Apgar Scores, Cord Blood Gases, and 6 Other Records That Birth Injury Attorneys Request First

nurse and baby

The Records Tell the Story the Delivery Room Didn’t

After a traumatic delivery leaves a baby with cerebral palsy, HIE (hypoxic-ischemic encephalopathy), brachial plexus injury, hypoxia birth injury, or another serious condition, parents often spend weeks or months trying to piece together what happened during those critical minutes. The hospital may offer vague reassurances or clinical jargon, leaving patients without answers. The medical records, all of them, not just the discharge summary, are where the truth lives. Here are the eight categories of documentation that experienced Texas birth injury attorneys prioritize when evaluating a potential case.

1. Apgar Scores: Meaningful, But Not the Whole Story

Apgar scores are assigned at 1 and 5 minutes after birth and rate the newborn on five criteria: Appearance (skin color), Pulse, Grimace (reflex irritability), Activity (muscle tone), and Respiration. A score of 7-10 is normal; 4-6 indicates moderate concern; 0-3 reflects a critical condition requiring immediate resuscitation. Low Apgar scores can support a birth injury claim, but a normal Apgar score does not rule one out. Some injuries manifest after birth, and some physicians subjectively adjust scores. Apgar scores are a starting point, not a verdict.

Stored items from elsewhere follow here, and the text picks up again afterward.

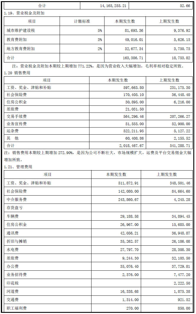 报告期内,营业收入26,901,089.73 元,较去年同期增长278.95%,主要原因是公司规模有所扩大,并拓展了新的业务,业绩大幅提升。营业成本20,624,452.40 元,较去年同期增长257.70%,主要原因是公司业绩提升,相应的营业成本增长。净利润2,203,270.17,较去年同期增长2244.71% ,主要原因是公司规模有所扩大,并拓展了新业务。截止2015 年6 月30 日,总资产24,855,754.05 元。
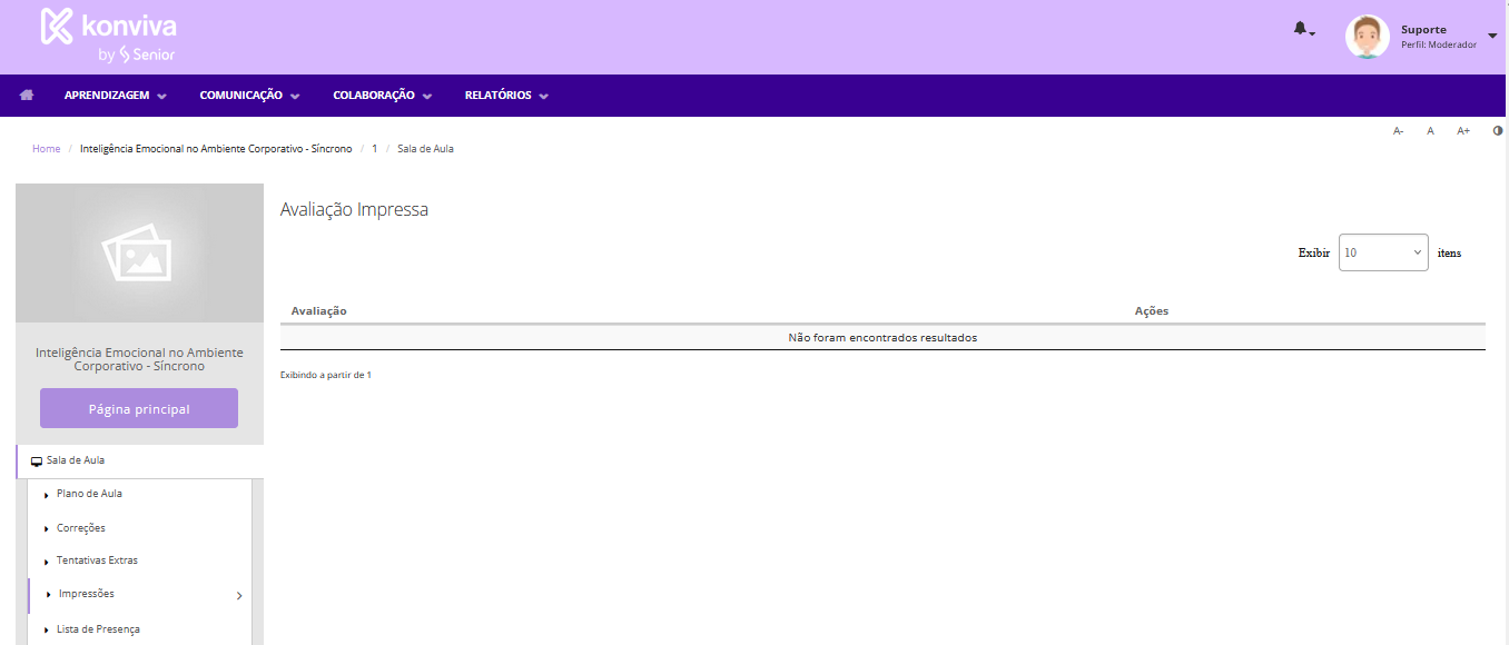 No menu APRENDIZAGEM, o moderador consegue ter acesso a:
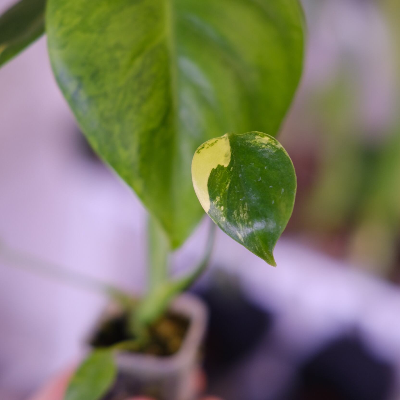 モンステラ イエロー マリリン(Monstera ‘Yellow Marilyn’) は、黄色系の斑が入る選抜系統で、白斑タイプに比べて葉緑素を保持しやすく、生育が安定しやすい特徴を持ちます。斑はライムグリーンからイエローへと変化し、葉の展開後に色味がはっきりしてくる傾向があります。
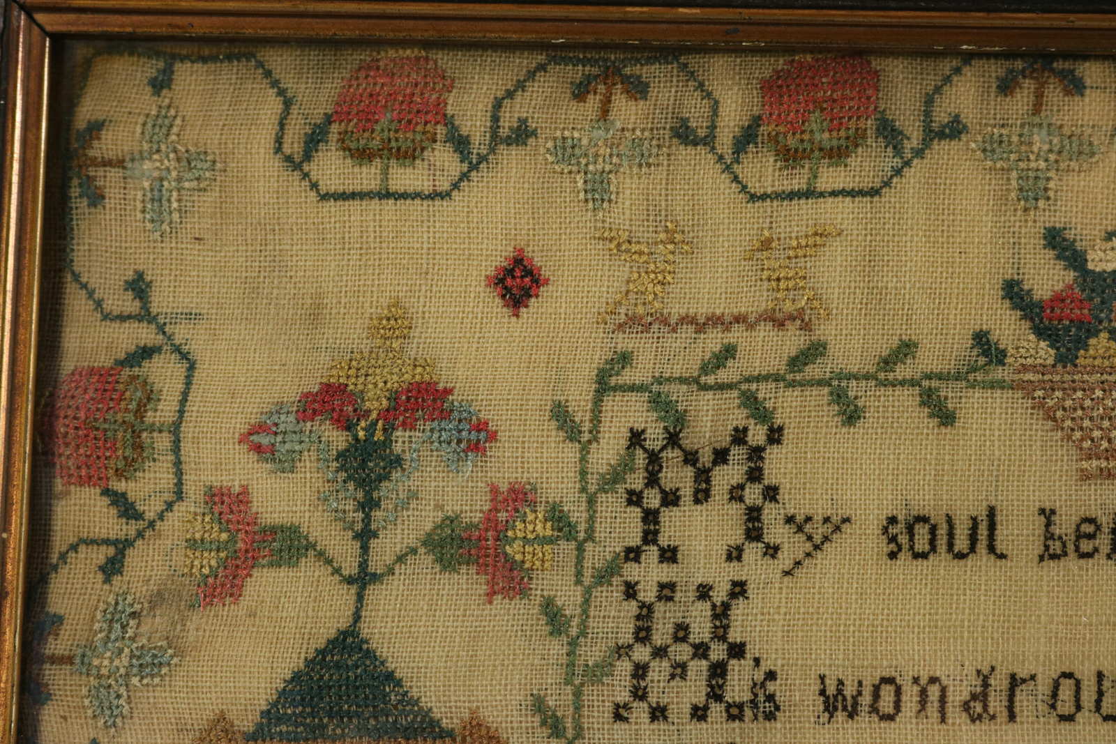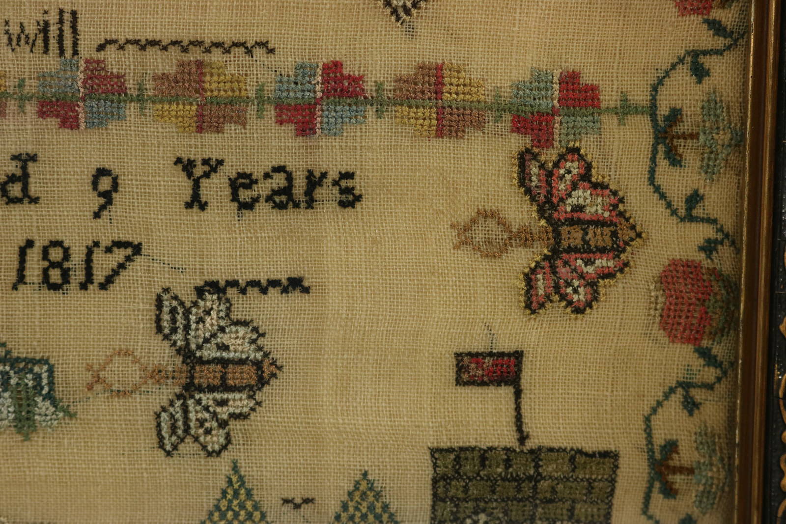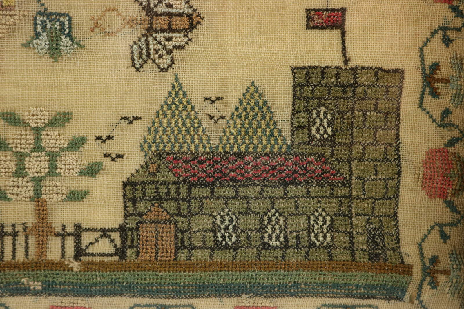 The sampler is worked in silk on linen ground, mainly in cross stitch.
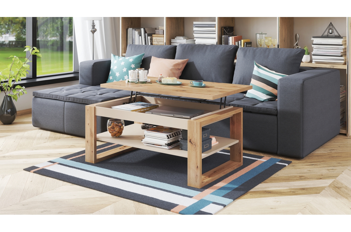 Būkite pirmas aprašęs “NUO Artisan Oak/Beige (Champagne) – MODERNUS KAVOS STALIUKAS SU PAKELIAMU STALIUKU”
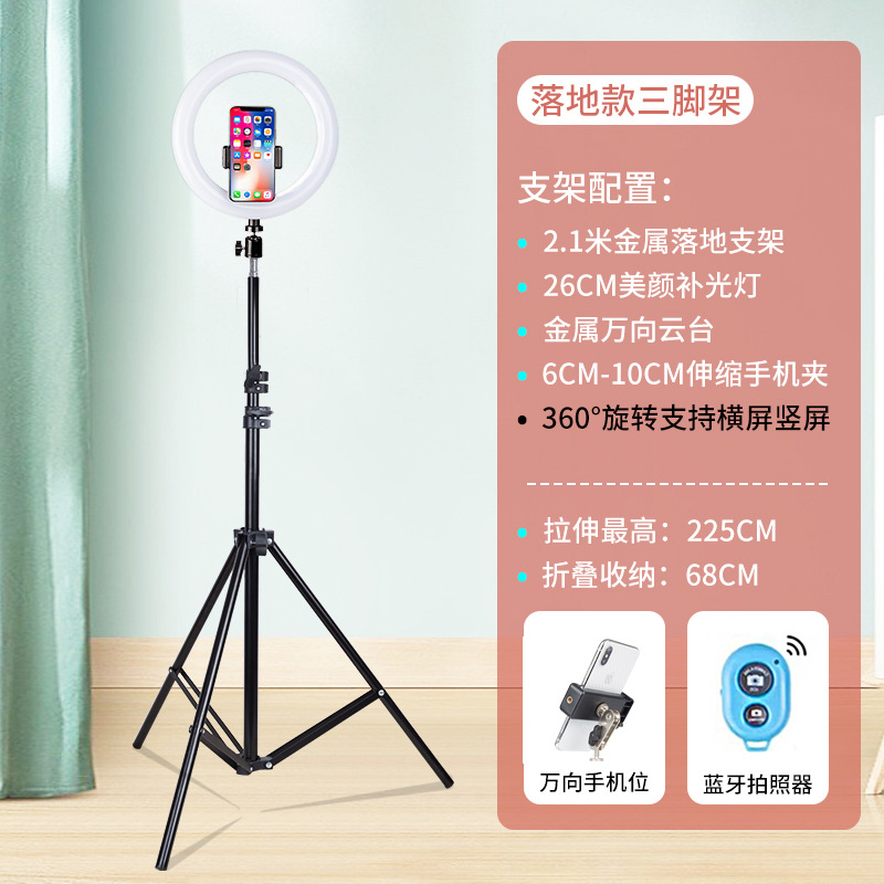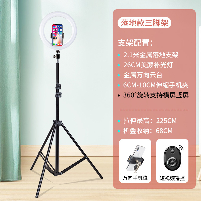 • 2m 라이브 방송 스탠드 + 26CM 뷰티 램프 + 짧은 비디오 리모콘

2. Cord Blood Gas Analysis: The Most Direct Evidence of Oxygen Deprivation

Umbilical cord blood gas values, particularly the arterial pH, base deficit, and lactate level, offer the most objective measurement of whether a baby experienced significant acidemia at the time of birth. A pH below 7.0 or a base deficit greater than 12 mmol/L is associated with severe acidemia that can cause HIE and permanent neurological injury. When cord blood gas values align with an abnormal fetal monitoring strip and a late or difficult delivery, they become highly significant evidence. Many hospitals collect cord blood but do not always run the gases; that omission itself may be relevant.

3. Electronic Fetal Monitoring (EFM) Strips: The Real-Time Record

As discussed in our dedicated EFM article, the fetal monitoring strip is often the backbone of a birth injury case. It provides a continuous, time-stamped record of the baby’s heart rate patterns during labor. Experts analyze the strip alongside nursing notes and physician orders to determine whether warning signs were recognized promptly and whether the response was adequate. Obtaining the actual printed strip, not just an electronic summary, is important because formatting details and annotations matter.

4. Neonatal Resuscitation Records: What Happened in the First Minutes

The neonatal resuscitation record documents exactly what interventions were performed after birth, in what sequence, and when. Was positive pressure ventilation required? Were chest compressions performed? Was epinephrine administered? Was the baby intubated? A detailed resuscitation record showing extensive interventions, combined with cord blood gas values and an abnormal fetal strip, tells a powerful story about the severity of the birth emergency. Conversely, a vague or suspiciously brief resuscitation record may indicate that the documentation was reconstructed after the fact.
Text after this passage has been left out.